The difference between the maximum and minimum
effect gives some measure of the fracture intensity. This same process
can be applied in a number of data volumes where the change in Vp or Vs
as a function of azimuth is measured by the change in stacking
velocities (azimuthal NMO) or the change in reflection coefficients (azimuthal
AVO).
A critical feature of recently processed AVAZ
and ANMO data volumes has been that the dominant fracture orientation
can change dramatically over short distances. Recent work on a project
sponsored by the U.S. Department of Energy (www.fracturedreservoirs.com)
shows that these changes are not only possible, but also highly likely
in a Rocky Mountain compressional setting where the stress field is
complex.
The Circle Ridge Field, in Wyoming’s Wind
River Reservation, Wind River Basin (Figure 2), was characterized
through a combination of 2-D cross-sections and 3-D structural
reconstructions based on well and surface data , and fracture data from
surface outcrops and subsurface image logs. The fracture and structural
data were supplemented with data from several transient well tests, a
bromide tracer test and a nitrogen injection test.

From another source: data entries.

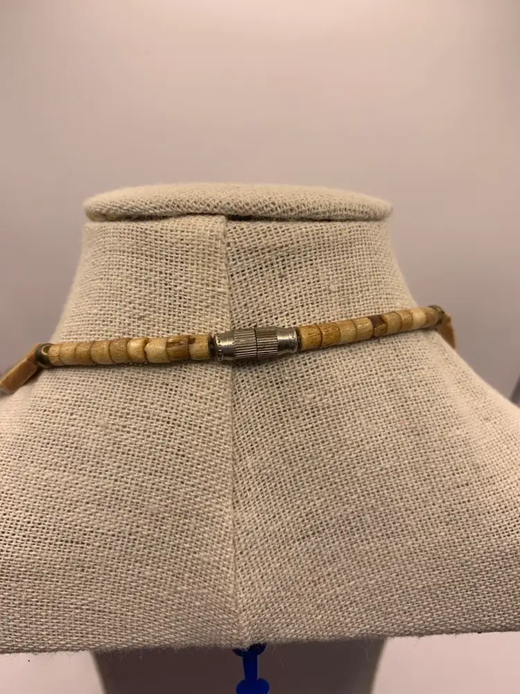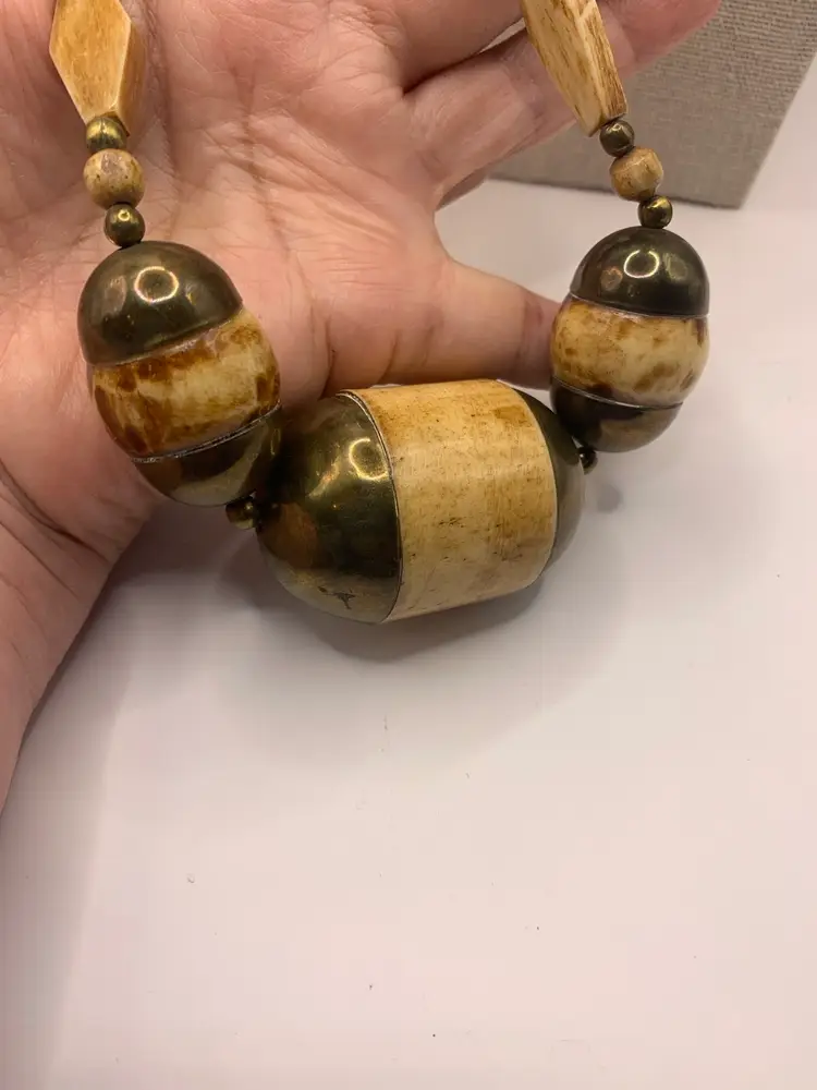 Very unique organic looking piece Barrel beads are ceramic and the elongated beads are made of bone I think Brass tone spacers and end caps on the barrel beads Weighty piece Measures 32 in Barrel clasp Excellent condition
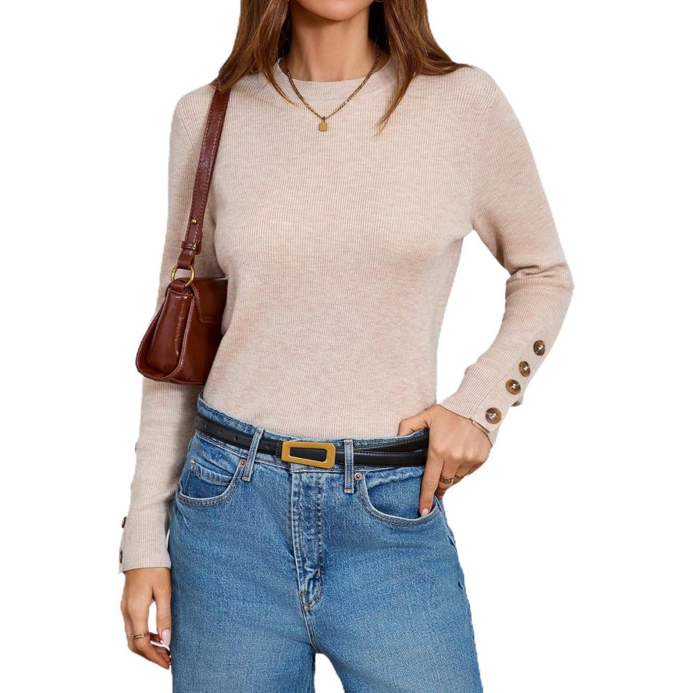 Arach&Cloz Women’s Wool Blend Button-Cuff Fall Fashion Casual Sweaters(Apricot)
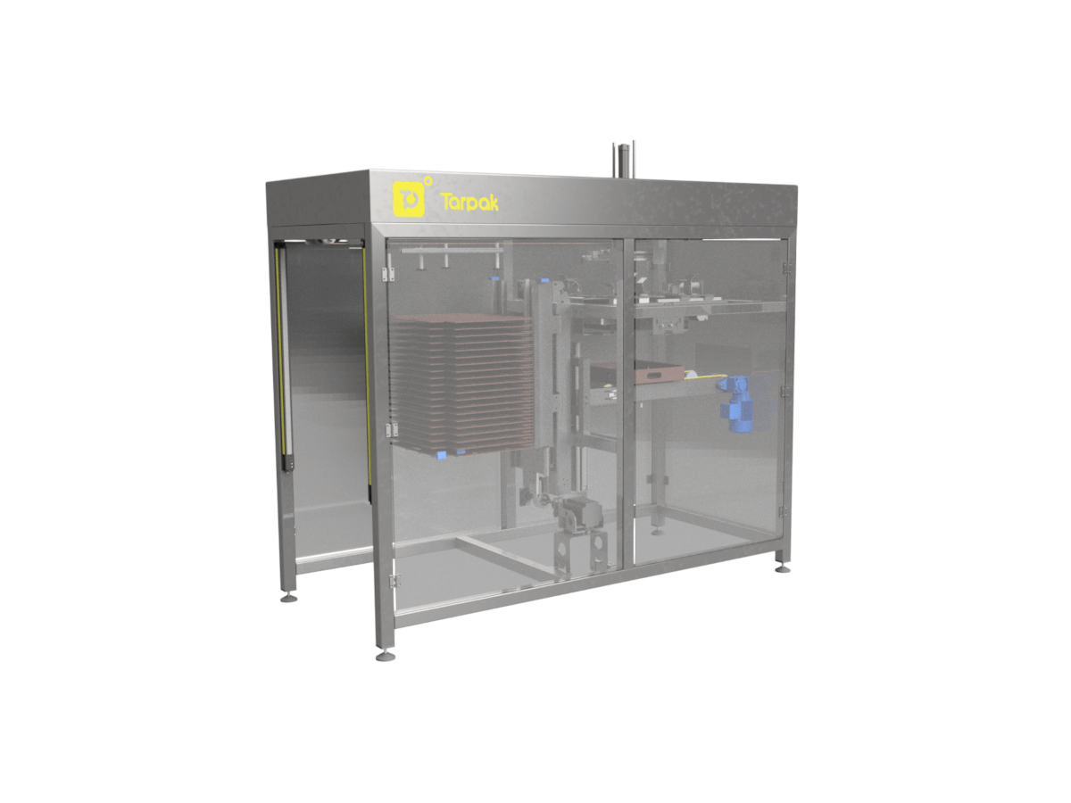 - Transporter magazynowy: Rozwiązanie to ułatwia integrację urządzenia z istniejącymi liniami produkcyjnymi i automatyzację transportu gotowych tac, co dodatkowo zwiększa efektywność procesów logistycznych.
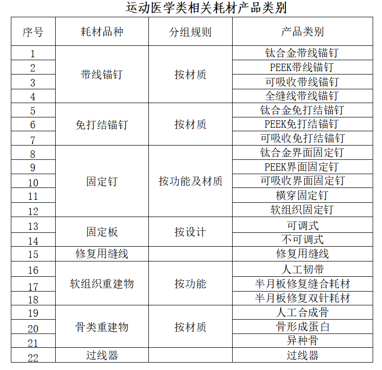 運動醫學類相關耗材包括:獲得中華人民共和國醫療器械注冊 證的帶線錨釘、免打結錨釘、界面固定釘、橫穿固定釘、軟組織 固定釘、可調式固定板、不可調式固定板、修復用縫線、人工韌 帶、半月板修復縫合耗材、半月板修復雙針耗材、人工合成骨、骨形成蛋白、異種骨、過線器。

The structure is primarily determined by NE-SW
compression, which caused the formation of a series of imbricate fault
blocks along the Red Gully Fault, including several imbricates to the
north (Figure 3). The entire structure has been characterized as a
fault-breached, fault-propagation fold. Development of the structure is
likely to have produced the fracturing within the reservoir units.
Fracture development was predicted using strain calculated through a 3-D palinspastic reconstruction of the field.
Figure 4 shows differences in extensional
strain magnitude and orientation throughout a block of the Tensleep
Formation in the hanging wall of the field’s Red Gully Fault. The
contours and line lengths represent the magnitude of the maximum
extensional strain due to the initial folding of the reservoir
formations. The figure’s red lines represent the strike orientation of
extensional fractures that would develop perpendicular to the local
direction of maximum extensional strain. The red lines also show the
dominant set; it is likely that a secondary joint set perpendicular to
the set shown might also develop.
Ninety-degree changes in dominant fracture
orientation across fracture fairways seen in Figure 4 are consistent
with orientation patterns predicted by AVAZ data in nearby reservoirs.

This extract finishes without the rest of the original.